Bij 't uitgaan van de vroegmis hadden sommige voorbijgangers al eens gezegd: ‘Nou, ik geleuf, dè Hannes ook goed deurslaopt.’ Nu het tegen halfacht ging, trok dit in de buurt ook de aandacht. Zóó laat de vensters nog gesloten en dan dat leven in het achterhuis; daar stak zeker iets achter. Want Hannes en Trien waren toch niet te lui om op te staan, dat wist iedereen. Daarom nam een der buren de vrijpostigheid en tikte een paar maal op de vensters der slaapkamer. Geen antwoord. Men keek elkaar eens aan. Ze zouden toch niet....! Je kunt nooit weten en als er eens iets gebeurd was! Je hebt toen van ziekte of zoo niets gehoord! Hernieuwd geklop. Geen teeken van leven daarbinnen. Daar kwamen de arbeiders aan. Die zouden misschien iets meer weten. Maar toen ze naderbij kwamen en omtrent den stand van zaken waren ingelicht, stonden zij even versteld als de overige omstanders. Hun getal groeide ieder oogenblik aan. Allerlei veronderstellingen werden gemaakt, sombere vermoedens uitgesproken, oude geschiedenissen aangehaald, stoute beweringen geopperd en weerlegd, kortom, het groepje menschen voor het huis praatte, praatte en bleef praten en overleggen, maar verroerde geen vin om aan den onmogelijken toestand een einde te maken. Eindelijk, na nog een herhaald geklop, dat weder onbeantwoord bleef, hoorde men uit den vollen hoop een stem:
‘Zô'n we der nie in kunne?’
Hé, ja, dat niemand daar eer aan gedacht had. Ja, maar, de deuren waren gesloten, en inbreken, dat ging toch niet goed, en als er eens niemand thuis was, wat dan? Dan zon men er nog last van kunnen hebben ook.

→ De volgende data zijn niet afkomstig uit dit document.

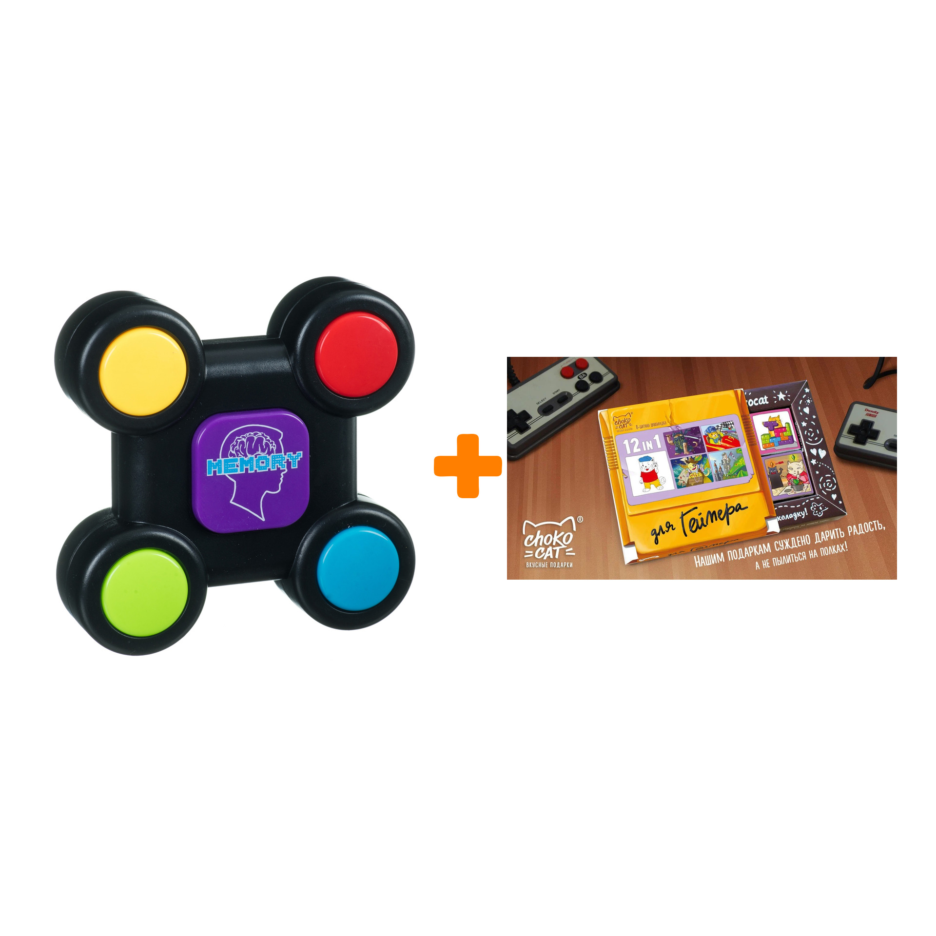 В состав набора входят:Шоколад Кэт 12: Для геймера (60 г), Настольная игра На памятьШоколад Кэт 12: Для геймера (60 г):Угадай игру! Набор основан на реальных игровых событиях!Настольная игра На память:Следите за тем, в каком порядке загораются кнопки, а затем правильно повторите последовательность загоравшихся цветов! Отличная игра, тренирующая память. В комплекте 2 батарейки АА.

‘Thuis zijn ze,’ verklaarde een der arbeiders, ‘giesterenaovond nog heet Hannes me gevraagd of ik niemes veur 'm wiest, om vandaog te helpe. Dè zô ie toch nie vraoge, as ie nie thuis was. Mit 'nen langen stok kan ik er wel in. As ik er maor eenen had.’

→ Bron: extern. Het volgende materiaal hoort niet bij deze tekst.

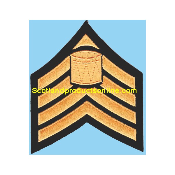 4 bar orange thread embroidery chevron with drum No1 (full size) on black melton cloth.

In een oogenblik is een jongen uit de buurt heen en komt weerom met een fikschen bezemsteel in de hand. Nu naar achter, langs het huis heen, naar de kleine staldeur. Die hing vrij hoog boven den grond, zoodat het den arbeider-inbreker gemakkelijk viel, eerst den stok en toen zijn vuist onder de deur heen te steken. Na den stok met het eene eind naar boven te hebben gericht, tastte hij er een paar malen mee langs den binnenkant der deur, kon den grendel terugschuiven, en de toegang was niet langer versperd.
Aller verwachting was hoog gespannen. Eindelijk zou het raadsel worden opgelost. Met uitgerekten hals drong men naar voren om maar zoo spoedig mogelijk op de hoogte te zijn. Het eerste gevolg er van was, dat het dierenconcert opnieuw aangeheven werd. Nu er ‘volk’ op den vloer was, bestond er kans gevoederd te worden en daarom werd fortissimo en eendrachtig 't concert voortgezet, om zoo mogelijk nog luider te klinken, toen niet onmiddellijk aan de behoefte werd voldaan. En aan de dieren dacht niemand, ze werden vergeten ter wille van Hannes en Trien, over wier lot men in onzekerheid en ongerustheid verkeerde.
Gezamenlijk richtten de aanwezigen hun schreden naar voren, naar het verblijf der echtelieden.
Poes zat nog voor de deur te miauwen en was een van de eersten in 't vertrek. Stilte des grafs bij allen. 't Was er half duister; gauw een raam opgeschoven, een venster open, en 't volle daglicht viel op den vloer en drong door boven en beneden tot zelfs aan het echtelijk leger.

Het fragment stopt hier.